# Electric work and alot of it tons of pics.



## Nastyniz (Jun 16, 2011)

some more


----------



## Celtic (Nov 19, 2007)

Nastyniz said:


>



Looks like the moon :laughing:


----------



## Nastyniz (Jun 16, 2011)

and more


----------



## erics37 (May 7, 2009)

Cool, looks like a good project. What is the facility?


----------



## Celtic (Nov 19, 2007)

Data center?


----------



## Nastyniz (Jun 16, 2011)

The one project was a Walmart in NJ, there tons of fun to do lol And the other project was a water treatment plant where they took the ground water in the wells at the dump and cleaned to where you could eventually drink it but i don't recommend that.


----------



## Nastyniz (Jun 16, 2011)

And another of the projects was a Ulta beuty supply.


----------



## erics37 (May 7, 2009)

Nastyniz said:


> The one project was a Walmart in NJ, there tons of fun to do lol And the other project was a water treatment plant where they took the ground water in the wells at the dump and cleaned to where you could eventually drink it but i don't recommend that.


Our local Walmart did a big remodel recently. I've gone there for a few service calls since then and it looks like all of their electrical distribution equipment was pre-built on a skid somewhere. They just trucked the whole thing in; panels, transformers, gutters - one big listed assembly - and plopped it into place and started running branch circuits out of it. It's a money saver I'm sure, but the skid stayed behind as a permanently installed trip hazard :laughing:


----------



## stuiec (Sep 25, 2010)

Nastyniz said:


> The one project was a Walmart in NJ, there tons of fun to do lol And the other project was a water treatment plant where they took the ground water in the wells at the dump and cleaned to where you could eventually drink it but i don't recommend that.


Might make good bagel water......



nice looking work BTW


----------



## Nastyniz (Jun 16, 2011)

Yeah there electric room comes in on a skid all big box stores are like that now. Homedepot and lowes, a crane litterally drops in a an entire room. All the panels are finished wires are laying in a trough run pipes out and good to go.


----------



## Nastyniz (Jun 16, 2011)

Walmart skid


----------



## Celtic (Nov 19, 2007)

Nastyniz said:


> Yeah there electric room comes in on a skid all big box stores are like that now. Homedepot and lowes, a crane litterally drops in a an entire room. All the panels are finished wires are laying in a trough run pipes out and good to go.
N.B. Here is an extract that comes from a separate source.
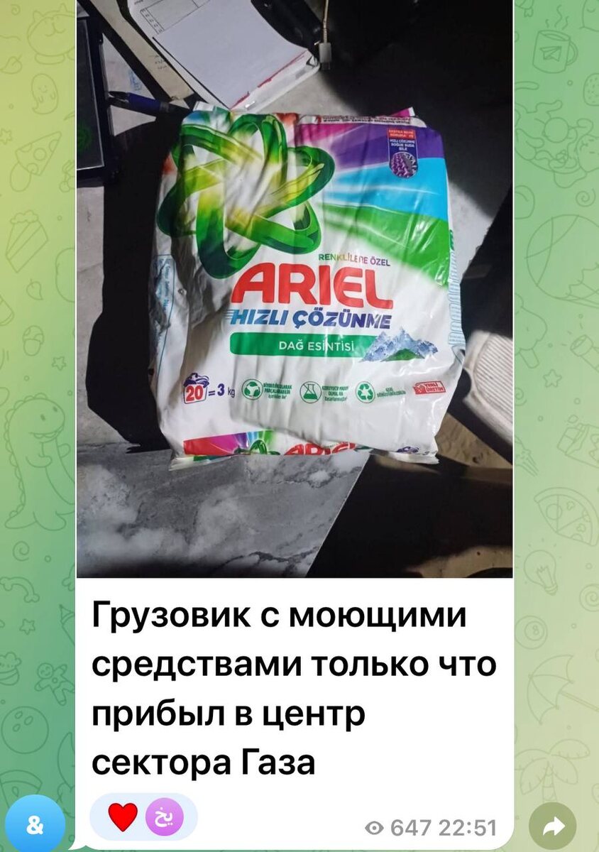 Кстати, в Газу поставляют не только еду, но и моющие средства.

They are building a "Hess Express" close to me....









...the building came on 2 trailers...they basically dropped it on the ground, bolted it together, stocked the shelves and turned the lights on.


----------



## Nastyniz (Jun 16, 2011)

Celtic lol are you for real?


----------



## HackWork (Oct 2, 2009)

erics37 said:


> Our local Walmart did a big remodel recently. I've gone there for a few service calls since then and it looks like all of their electrical distribution equipment was pre-built on a skid somewhere. They just trucked the whole thing in; panels, transformers, gutters - one big listed assembly - and plopped it into place and started running branch circuits out of it. * It's a money saver I'm sure, but the skid stayed behind as a permanently installed trip hazard *:laughing:


That's the house keeping pad :whistling2:


----------



## Celtic (Nov 19, 2007)

Nastyniz said:


> Celtic lol are you for real?



Yes.
It was rather amazing at how quick it was complete....the UG utilities have to be connected, of course, and then they are pretty much up and running.

This particular HE, is undergoing a complete site remodel [of which I am not associated with]...new UG gas tanks, pumps, etc.


----------



## sparky970 (Mar 19, 2008)

Nastyniz said:


> And another of the projects was a Ulta beuty supply.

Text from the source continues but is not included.